Type hints must be precise. list is different from list[str]:

# Ambiguous - what's in the list?
tags: list # Could contain anything

# Precise - list of strings
tags: list[str] # Validates each item is a string

class Post(BaseModel):
title: str
tags: list[str] # Pydantic validates each tag

# Valid
post = Post(title="AI", tags=["python", "pydantic"])

# Invalid - number in a list that should contain strings
try:
post = Post(title="AI", tags=["python", 123]) # ERROR
except ValidationError as e:
print(e) # tags.1: Expected string, got int

Try With AI

Using your AI companion (Claude Code, Gemini CLI, or ChatGPT), practice Pydantic validation. These prompts progress from understanding concepts to creating production-ready validation.

Prompt 1: Understand Type Hints vs Validation

Ask your AI:

"Explain the difference between Python's built-in type hints and Pydantic's runtime validation. Give 2-3 concrete examples showing when type hints aren't enough and why Pydantic matters."

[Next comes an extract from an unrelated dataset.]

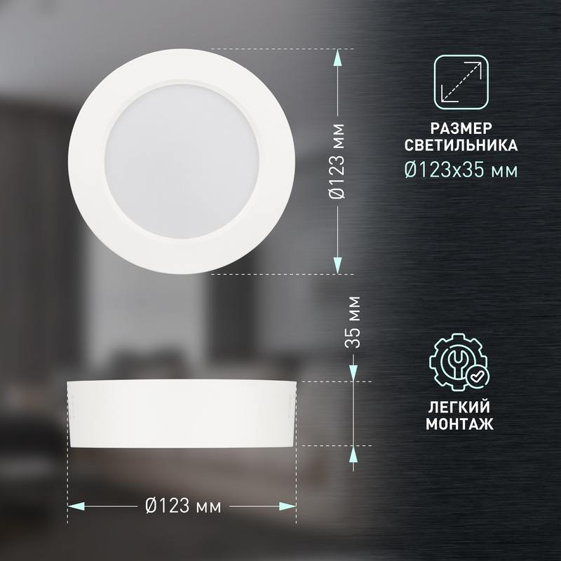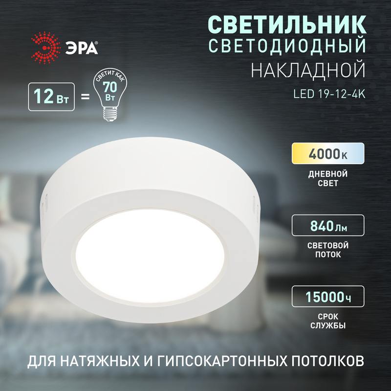Характеристики Светильник светодиодный ЭРА LED 19-12-4K накладной круглый 12Вт 4000К:

Expected Outcome: Your AI should explain that type hints are static (only visible to your IDE), while Pydantic enforces rules at runtime. Examples might include API requests with wrong data types, AI-generated JSON that doesn't match your schema, or configuration files with invalid values.


Prompt 2: Apply - Create Your First Model

Tell your AI:

"Create a Pydantic model for a Product with: name (required string), price (required float, must be >= 0), quantity (required integer), and description (optional string). Then write code that validates both valid and invalid product data, showing what validation errors look like."

Expected Outcome: A working Product model with proper field types, test cases showing successful validation, and examples of validation errors with explanations of what went wrong.


Prompt 3: Analyze - When to Use Pydantic

Ask your AI:

"When would you use Pydantic instead of just type hints? Give 3 real-world scenarios where runtime validation is critical. For each scenario, explain what could go wrong without validation."

Expected Outcome: Scenarios like API input validation (preventing bad data from reaching your code), LLM output validation (ensuring AI responses match your expected format), configuration file validation (catching typos in .env or YAML), or database schema enforcement. Each should explain the consequence of missing validation.


Prompt 4: Create - Nested Models with Validation

Tell your AI:

"Build a UserProfile model with a nested Address model. Include: UserProfile (name, email, age), Address (street, city, zip_code). Add validation that zip_code must be exactly 5 digits. Generate test data showing both valid and invalid zip codes, and demonstrate the validation errors."

Expected Outcome: Nested UserProfile and Address models with custom validation on zip_code, example data for valid cases (zip: "12345"), invalid cases (zip: "ABC"), and clear error messages showing which field failed validation and why.